Shipyard Pumpkinhead Ale

I'm on a pumpkin beer kick right now, as I am petty much every year at this time. At Standings, my favorite bar in NYC, we are fortunate enough to have two on tap right now (and one that just kicked - the Southampton Pumpkin Ale). The two that we have now are the Shipyard and the Fisherman's Pumpkin Stout.

The Shipyard is overpoweringly spicy, but I like it because of that. There is no doubt that this is a pumpkin beer - and it seems to have a hint of bannana (another one of my favorite things) in it.

The Fisherman's stout is, well, a stout. Obviosly a quite dark beer as opposed to the amber of either the Southampton or the Shipyard. In judging that beer, you have to realize that its a dark beer, and the spice is not designed to be overpowering (but still there).

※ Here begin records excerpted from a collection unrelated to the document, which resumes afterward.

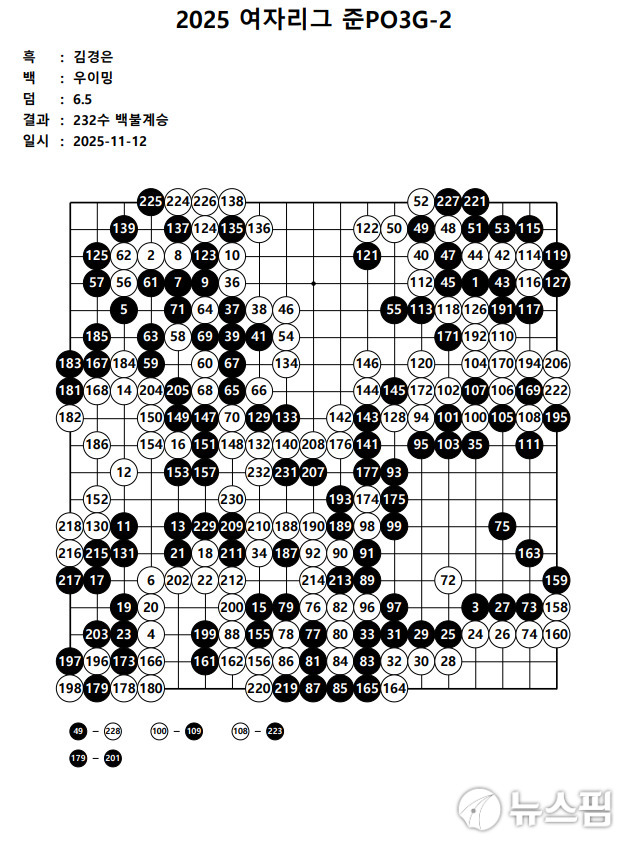 동시대국으로 열린 준플레이오프 3차전에서 평택 브레인시티산단의 외국인 선수 우이밍 6단은 포항 포스코퓨처엠의 김경은 5단을 상대로 232수 만에 백 불계승을 거두며 팀에 귀중한 첫 승을 안겼다. 건너편 경기에서도 평택 브레인시티산단의 김주아 4단이 포항 포스코퓨처엠의 주장 김혜민 9단에게 272수 만에 흑 불계승을 거두며 2-0 완승을 확정지었다. 평택 브레인시티산단은 주장 스미레 4단을 출전시키지 않고 플레이오프를 준비할 수 있게 됐다.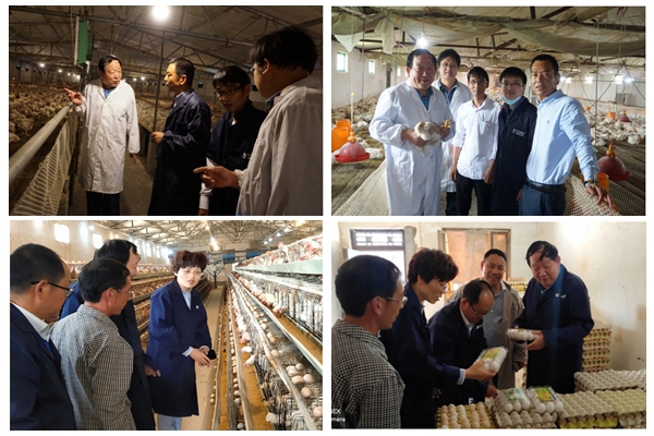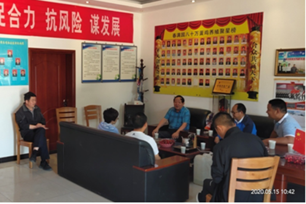 随后,高玉鹏一行来到铜川市印台区,与印台区农业农村局副局长雷铜、畜牧技术推广站和动物疫控中心负责人就蛋鸡养殖技术扶贫具体工作进行交流并达成共识。现场与印台区春满园养鸡合作社的技术负责人、养殖户就目前蛋鸡养殖需要关注的主要技术问题、优质品牌鸡蛋生产关键控制环节等进行交流。详细了解“公司+贫困村+贫困户”帮扶模式的运行和技术帮扶情况,随后深入合作社带动的红土镇枣园村等4个代表性养殖户,入鸡舍现场解决养殖中的实际技术问题,特别是简陋的鸡舍如何控制好鸡舍环境,以及夏季抗热应激管理等实操技术进行解答或指导。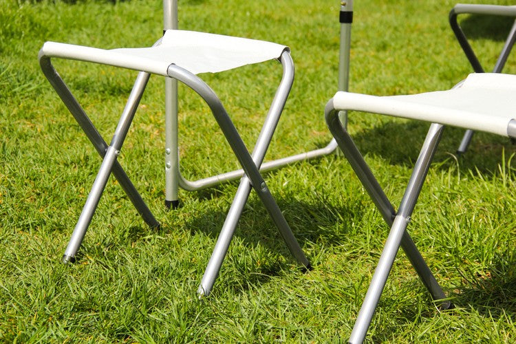 Šajā kempinga komplektā esošie krēsli ir izturīgi, izgatavoti no auduma ar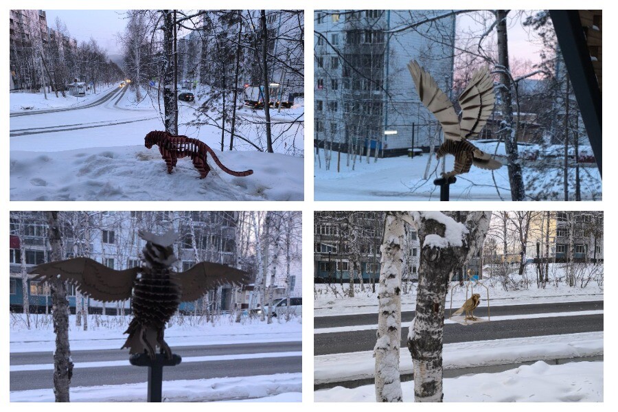 В воскресенье в Тынде стало больше необычных жителей. Это орел, тигр и маленький воробей. Причем местом их жительства стала недавно отреставрированная улица Школьная. Ее выбрал местный Левша – тындинский умелец Константин Швец.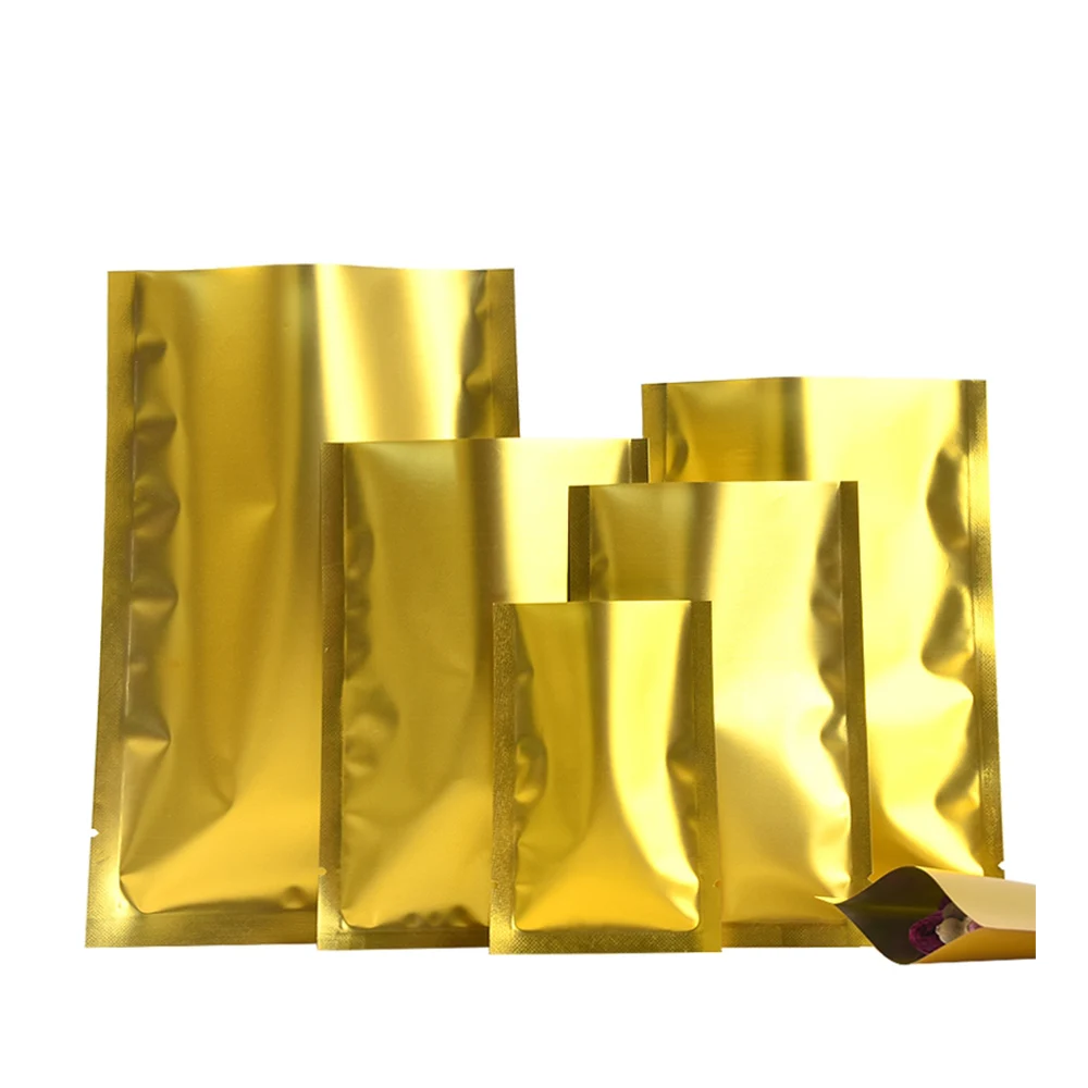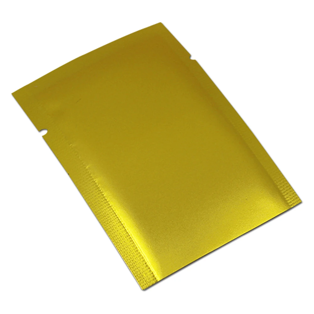 100 шт.лот, пакет из золотой алюминиевой фольги с открытым верхом, мешочки для хранения гаек и конфет, плоские карманы для образцов из майлара, вакуумные мешочки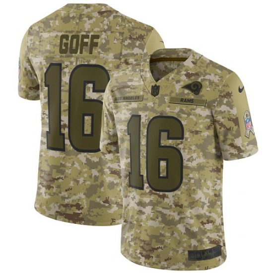 >Men's Nike Los Angeles Rams #16 Jared Goff Limited Camo 2018 Salute to Service NFL Jersey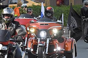 Московский осенний мотофестиваль в честь закрытия сезона прошел от проспекта Академика Сахарова до Парка имени Горького. Сотрудники ОМОН во время мотопарада.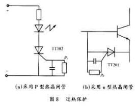 采用溫度繼電器來檢測電源裝置內部的溫度,當電源裝置內部產生過熱時,溫度繼電器就動作,使整機告警電路處于告警狀態,實現對電源的過熱保護。亦可將溫度繼電器置于開關三極管的附近,一般大功率管允許的最高管殼溫度是75℃,調節溫度整定值為60℃。當管殼溫度超過允許值后繼電器就切斷電器,對開關管進行保護。半導體熱敏開關器件“熱晶閘管”在超溫保護方面有重要作用。它可以用作溫度指示電路。根據p型控制柵熱晶閘管(TT102)的特性,由RT值確定該器件的導通溫度,RT越大,導通溫度越低。當將其放置功率開關三極管附近,或在電源裝置內時,它就能起到溫度指示作用。當功率管的管殼溫度或者裝置內部的溫度超過允許值時,熱晶閘管就導通,使發光二極管發亮告警。倘若配合光電耦合器,就可使整機告警電路動作,保護開關穩壓器。它亦可以象圖8(b)那樣用作功率晶體管的過熱保護,晶體開關管的基極電流被n控制柵型熱晶閘管TT201旁路,開關管截止,切斷集電極電流,防止過熱。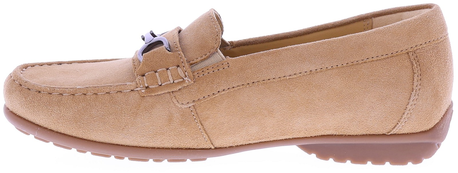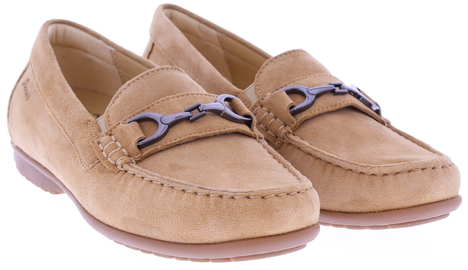 Camel kleurig suède dames instapper van Sioux model Cortizia. Deze mocassin is uitgevoerd in zacht suède en heeft een comfortabele H-breedte. De subtiele bit in donker metaal geeft de schoen een moderne, verfijnde uitstraling. Het uitneembare voetbed is perfect geschikt voor uw eigen persoonlijke inlegzool, terwijl de soepele rubberzool zorgt voor dagelijks draagcomfort. Kijk ook eens naar de andere dames instappers van Sioux bij Klijsen.
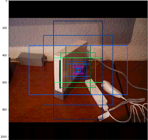 print("Level {}. Anchors: {:6} Feature map Shape: {}".format(level, level_anchors.shape[0],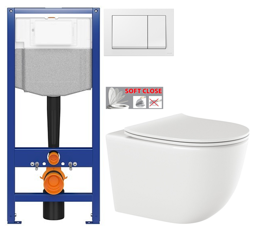 Závesná klozetová misa TINOS v jednej rovine so stenou, biela so sedadlom soft-close ( CE-91-001-W )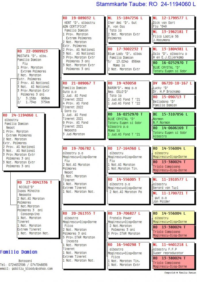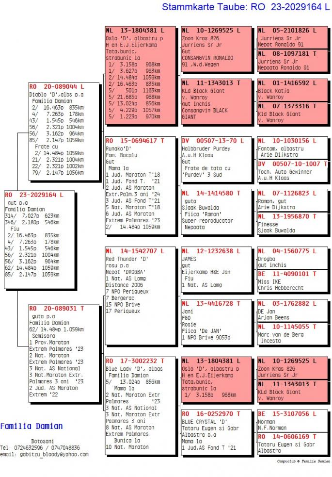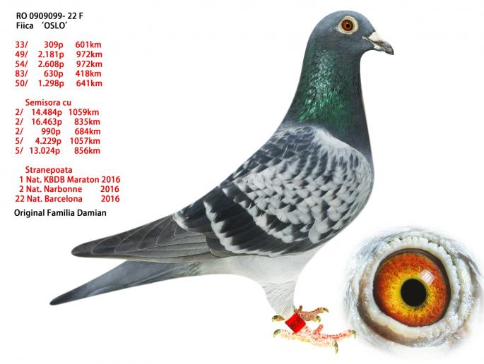 Fiica Oslo D , tata si bunic la: 1/ 3158 p. 968km 1/ 3627 p. 963km 2/ 14484 p. 1059km 2/ 16463 p. 835km 5/ 501 p. 1163km 5/ 21685 p. 968km 5/ 13024 p. 856km 5/ 4229 p. 1057km 5/ 1223 p. 970km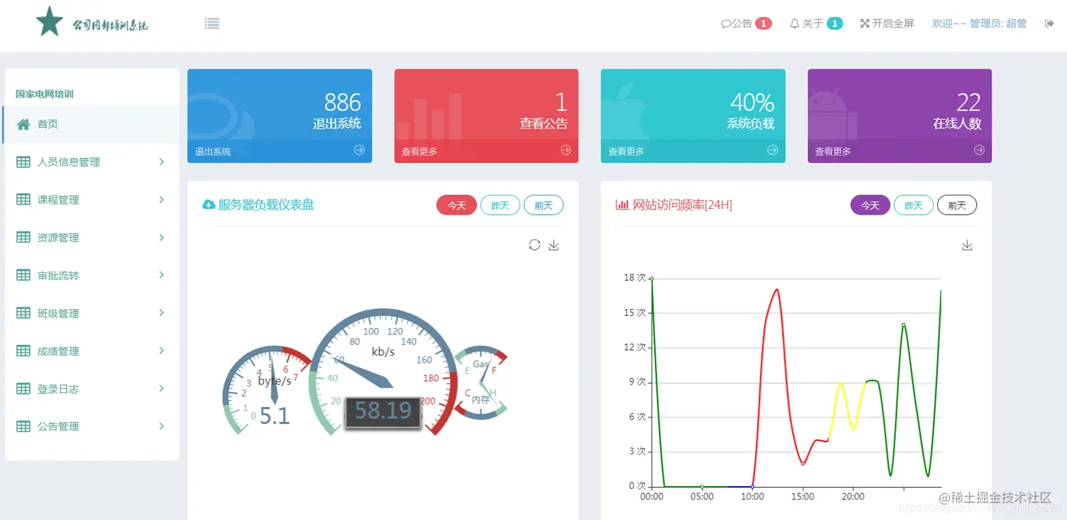 主界面左边是系统的功能菜单,右边主界面展示系统的仪表盘数据统计信息,采用Echarts 进行图形报表处理显示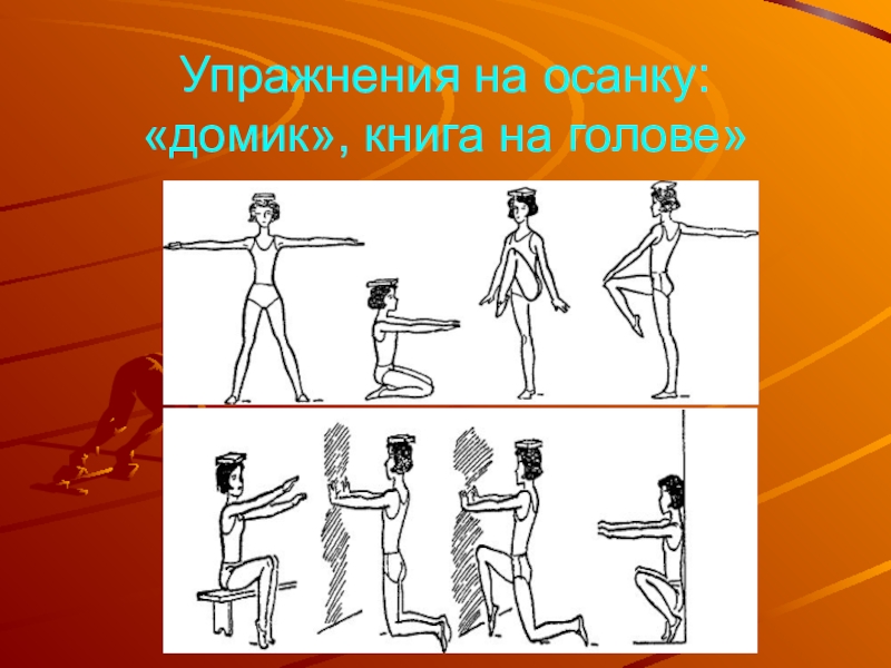 Слайд 20 Упражнения на осанку: «домик», книга на голове»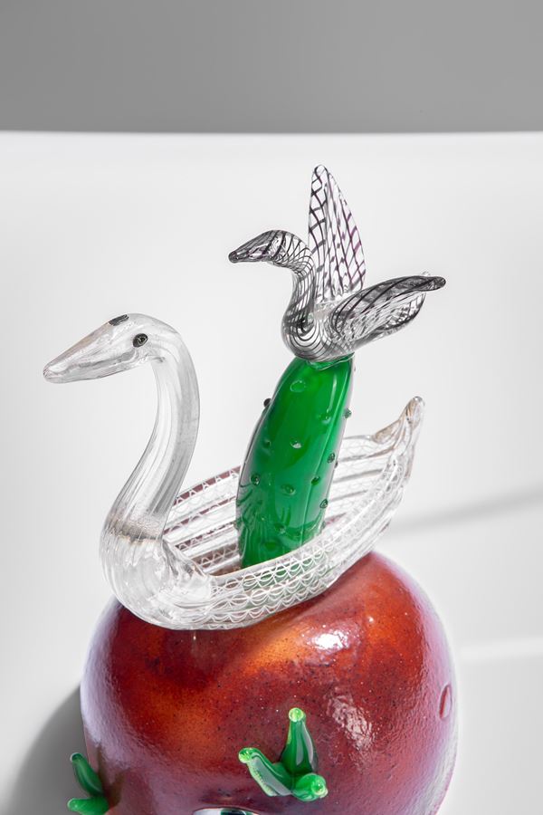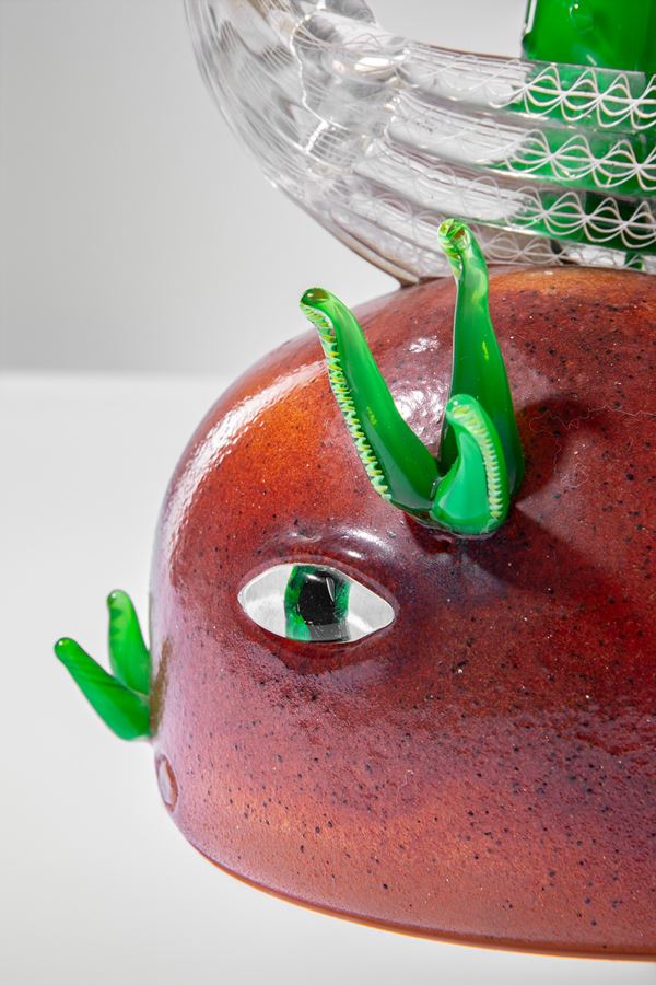 Vetro soffiato e vetro massello uniti a caldo.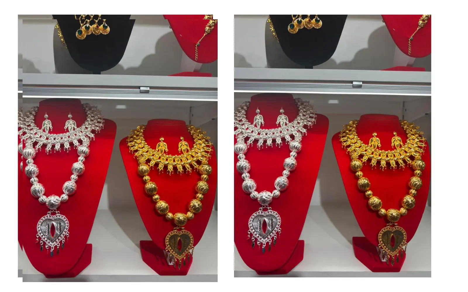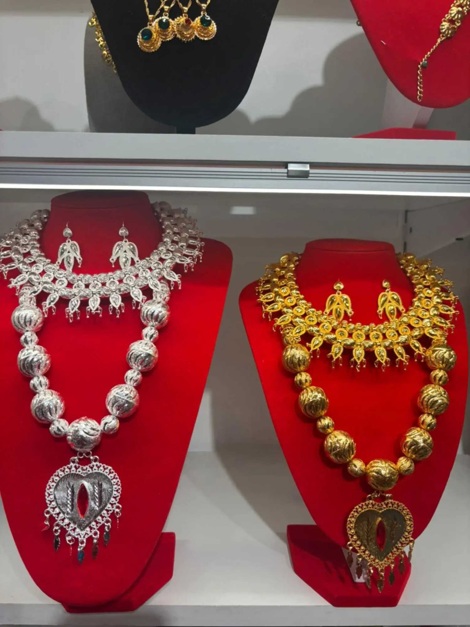 Chaque parure comprend un collier imposant, des boucles d’oreilles assorties et des détails ciselés à la main, inspirés de la tradition locale. Ces bijoux, à la fois majestueux et symboliques, sont parfaits pour sublimer les tenues traditionnelles comme le Shilya ou le boubou comorien.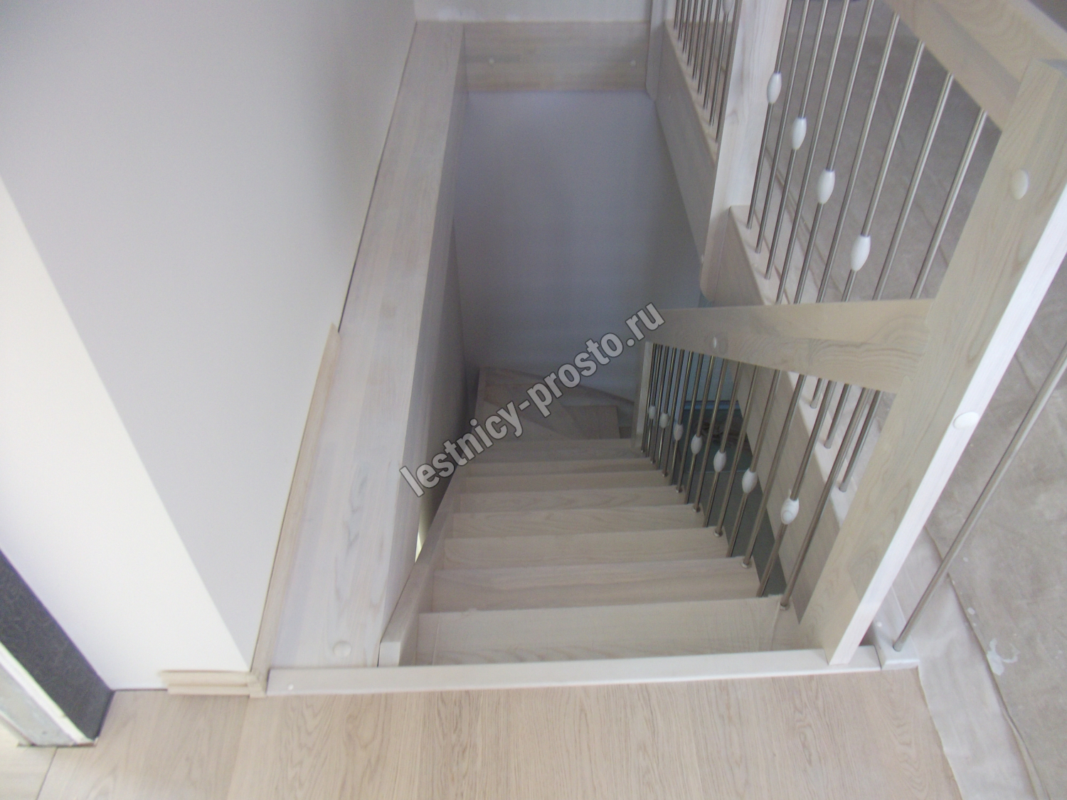 Надёжная современная лестница выполнена по немецкой технологии. Стоимость указана для лестницы с ограждением (с одной стороны); Поставляется в разобранном виде, в комплекте необходимый крепёж; Лестницу можно собрать самостоятельно; Так же, вы можете заказать услугу монтажа нашими специалистами; 4 вида породы дерева для изготовления лестницы: сосна, бук, ясень, дуб; возможна комбинированная лестница: из сосны (ступени бук, ясень, дуб); Деревянные элементы без какого-либо покрытия, отшлифованы, готовы к покраске. За дополнительную плату, вы можете изменить любые параметры, а именно: увеличить глубину ступени; увеличить ширину марша до 900 мм. и выше; заказать подступенки к лестнице; заказать отделку перекрытия (между 1-м и 2-м этажами); изготовить дополнительный промежуточный марш; заказать ограждение 2-го этажа; покраска в любой цвет или несколько цветов или покрытие защитными средствами; дополнение балясины из нержавеющей стали деревянными элементами; покраска балясин из нержавеющей стали порошковой краской в цвет RAL.

Since today is Sunday, and Standings is a sports bar (in particular a Boston sports bar and the Patriots/Colts game is on), there are all types here, including those that are drinking Bud Light at a craft beer bar (ugh!), and the ones that expect a high-end beer bar to serve hard liquor. Interesting reason that they can't here (besides the fact that it would really not be conducive to the high-end beer feel of the place)- they are just down the street from a church and there is either a NYC or NY state regulation (not sure which) that you cannot have a liquor license within a certain distance from a church (but the resturant wine licenses that all establishments on this block have are OK). Weird if you ask me - permit them to either have a full license around here or none at all (although that would mean that this fine establishment wouldn't be here)